Creating a Course Repository on GitHub

This tutorial will take you through the steps needed to create a repository for your coursework on the website GitHub. A repository is essentially a place you will save all your work and that will keep track of the history of your work over time. On your computer it will just look like a normal folder you put files in, but it has special powers we will talk about later.

Register for a GitHub Account

If you already have a GitHub account, skip this step. Otherwise, we need to register with GitHub so that we can create repositories that will be hosted by them (a bit like DropBox or Google Drive).

  1. Go to https://www.github.com/
  2. Either fill out the registration form that appears or click “Sign up” at the top right of the screen
  3. Follow the steps they require to create your account, including reply to the verification email
  4. Edit your profile, add an avatar image as you desire (not required)

Create a course repository

We will create a single repository to store all your coursework in called cart263.

  1. Go to https://www.github.com/
  2. Log in if you aren’t currently logged in
  3. Either click on the green “New” button or click the “+” button at the top right and select “New repository”
  4. Name the repository cart263 (or something similar)
  5. Add a short description like “This is Pippin Barr’s coursework repository for CART263”
  6. Set your repository to Public
  7. Select “Initialize this repository with a README
  8. Click “Create repository”

Set up GitHub Pages

We use a tool called GitHub Pages on GitHub to be able to host our coursework on their servers, making it visible to anyone on the web if we wish. It’s an amazing cheap web hosting option!

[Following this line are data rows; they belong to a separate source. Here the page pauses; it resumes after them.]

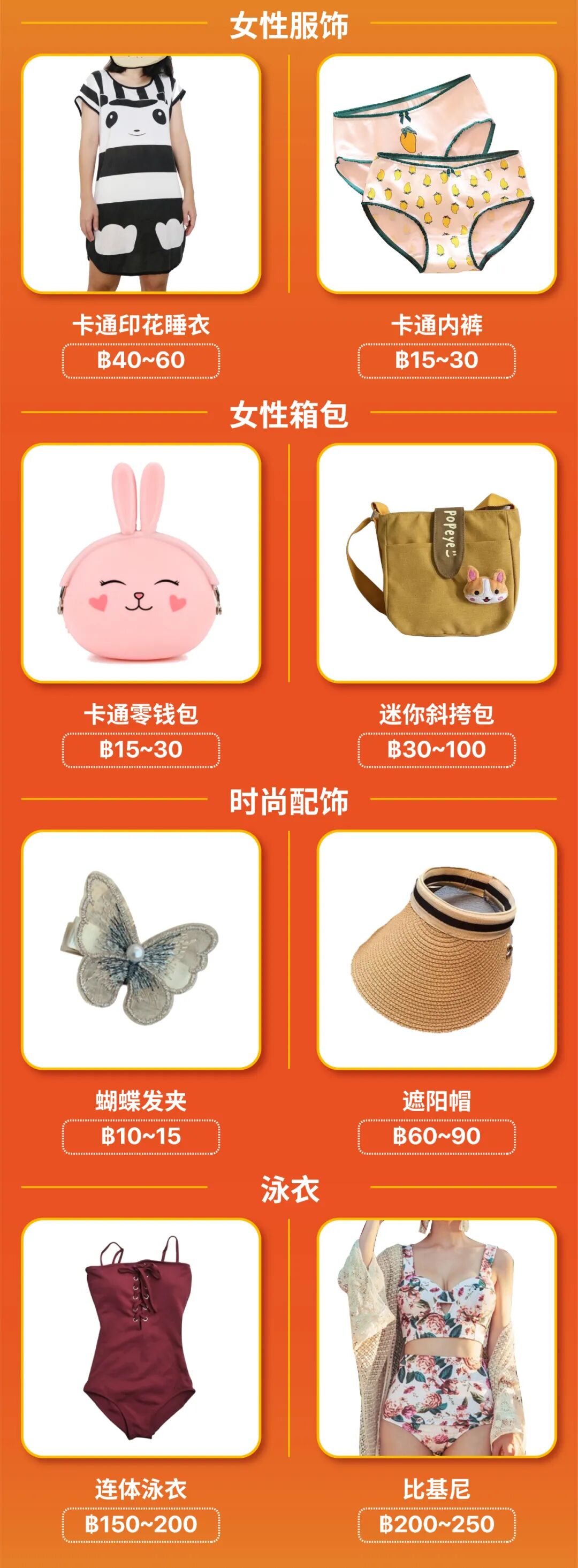 可爱或卡通风的商品,如今在泰国站点女性时尚相关类目中炙手可热,如销量较好的睡衣、内衣、包包或是时尚配饰,都会带有一定的卡通或是小动物元素。随着盛夏的到来以及疫情的逐渐消退,当地选择出游的人越来越多,预计夏季户外相关商品会持续高热度,我们鼓励卖家尝试上新更多的泳装商品。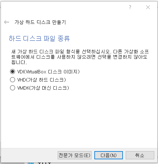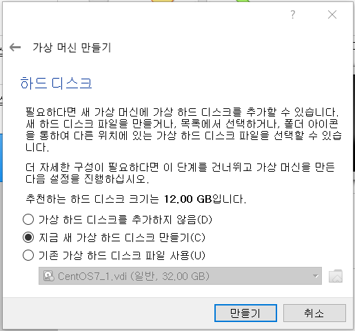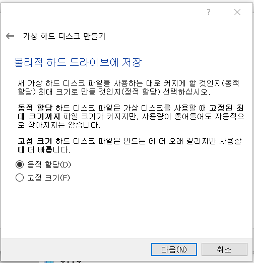 동적 할당으로 하드디스크 생성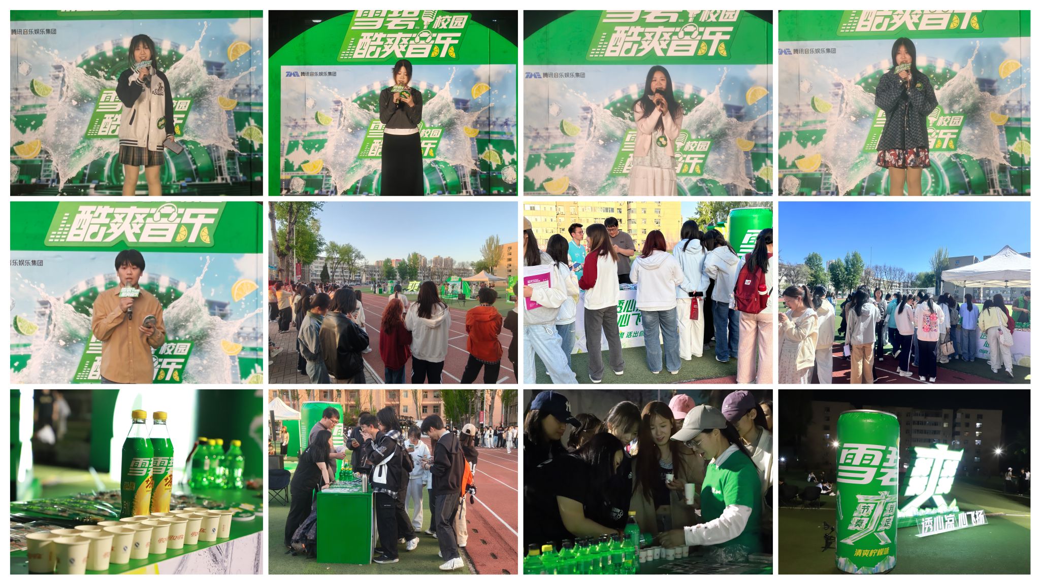 台下师生围坐在田径场草坪上,认真聆听每一首歌曲,积极与台上选手互动呼应。当熟悉的旋律响起,大家纷纷自发挥手应和、轻声跟唱,掌声、叫好声与悠扬歌声交织在一起,弥漫在整个赛场,轻松热烈的氛围感染着现场每一个人。清爽雪碧相伴左右,更为这场音乐盛会增添了别样惬意,让音乐与青春的碰撞更具活力与质感。

  1. Go to https://www.github.com/yourgithubusername/cart263 (the homepage of your new course repository, substitute your GitHub username for yourgithubusername and if you called the repository something other than cart263 use that instead)
  2. Click on “Settings” (the right-most option in the repository’s menu)
  3. Scroll down the page to the section labelled GitHub Pages
  4. Under Source use the drop-down menu to select master
  5. Click “Save”

Clone (download) your repository

  1. Run GitHub Desktop on your computer
  2. When prompted, sign in with your GitHub username and password set up during your registration
  3. It may ask you to set up things like an email address etc., do this if you want to
  4. Go to File > Clone Repository
  5. Select the “GitHub.com” tab
  6. Under Your Repositories select your cart263 repository (the one you created for this course)
  7. Under Local Path select a folder you want to save the repository (a folder) into on your computer (this could be your Desktop, it could be your Documents folder, it could be wherever you keep your other courses’ materials, whatever suits you)
  8. Click “Clone” and the repository will be downloaded and it will also show up in your GitHub Desktop

You’re now ready to use GitHub Desktop and GitHub to save and synchronize all the projects you will end up creating for this course! As a simple rule, you should just keep all your work for the course in this cart252 repository folder.

Summary

We now have a GitHub account. We also have a repository (like a special folder that keeps track of your work over time) that exists locally on your computer (as a folder called cart263 or similar) and also remotely on GitHub.com (as a repository homepage called cart263). By keeping these two instances of the repository in synch, we can avoid many, many problems and also share our work much more easily. Because we enabled GitHub Pages, we can also share our work with anyone via a URL.